Decided May 2, 1950.
Real estate owned by one municipality for the purpose of a water supply but located within another is exempt from taxation by the latter if yielding no rent or "revenue in the nature of rent" (R. L., c. 73, s. 12); and the sale of water by the former to its own inhabitants and a small portion to a third district does not constitute rent or "revenue in the nature of rent" within the meaning of the statute. The prior judicial interpretation of a statute is considered adopted by reenactment of the statute.
PETITION, for the abatement and repayment of taxes amounting to $2,139.12 assessed and collected by the town of Roxbury from the city of Keene for the year 1948 on real estate situated in Roxbury and used by Keene for a water supply. The plaintiff has paid this tax under protest. It is agreed that the property is used for a water supply for Keene and the dispute arises because the plaintiff sold a very small proportion of its total consumption of water to the North Swanzey Water and Fire Precinct. The defendant claims this sale constituted revenue in the nature of rent from the real estate and seeks to tax the city on the current valuation which thereby results. From the reserved case it appears that the plaintiff is willing to pay the defendant the sum of $589, upon submission of a proper statement, for the year 1948 which it is agreed would be the sum payable on this property provided the sale of water to the precinct does not constitute revenue in the nature of rent. Transferred without ruling by Lampron, J. Other facts appear in the opinion.

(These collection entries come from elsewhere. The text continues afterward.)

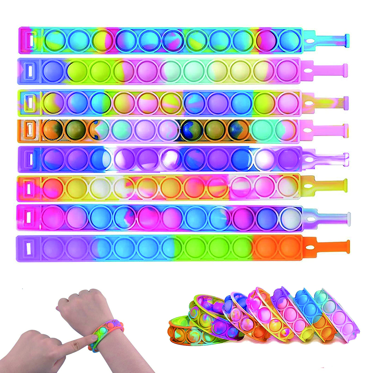 Simply press the bubbles down and they make a slight popping sound. The bracelets set is adjustable, you can adjust the size according to actual needs due to everyone's wrist is vary from each other. Comfortable to wear, wristband design, soft feel, suitable for most people to wear and play. These multi-color pop wristband bracelets are made of high-quality silicone material. The material is soft and easy to keep clean, will not cause any harm to humans and pets.
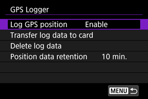 Zaznamenané údaje o polohe môžete preniesť na kartu vybratú v časti [Transfer log data to card/Preniesť zaznamenané údaje na kartu].
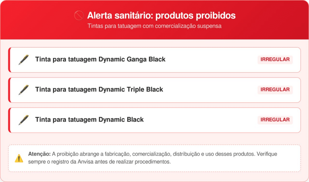 Os tatuadores que possuem esses produtos precisam interromper o uso imediatamente. A orientação oficial determina que os materiais sejam separados e descartados conforme as normas da vigilância sanitária local.

Kenneth J. Arwe, for the city of Keene.
Robert J. Doyle, for the town of Roxbury.
The first question before us is whether the sale of water by the plaintiff to the North Swanzey Water and Fire Precinct constitutes revenue in the nature of rent, making the property in question subject to taxation. In our opinion the answer is no, for the cases of Keene v. Roxbury, 81 N.H. 332 and Lisbon District v. Lisbon, 85 N.H. 173, are decisive in favor of the plaintiff. In the Keene case the facts were identical with those before us except that there water was sold to the town of Roxbury as well as to the city and here it was sold to the city and to the North Swanzey Precinct. We do not see that this affects the situation. The argument was advanced in the Keene case and again in the Lisbon case as it is here that the proceeds of such sales constituted revenue in the nature of rent from land or buildings held for the purpose of a water supply. The court in both cases declined to adopt this view. It appears that the statutes under which these cases were decided, being Laws 1911, c. 40 and P. L., c. 60, s. 10, respectively, are similar for all purposes here essential to R. L, c. 73, s. 12, which is now applicable. The prior judicial interpretation of these statutes must be considered as adopted by R. L, c. 73, s. 12. Lisbon District v. Lisbon, supra.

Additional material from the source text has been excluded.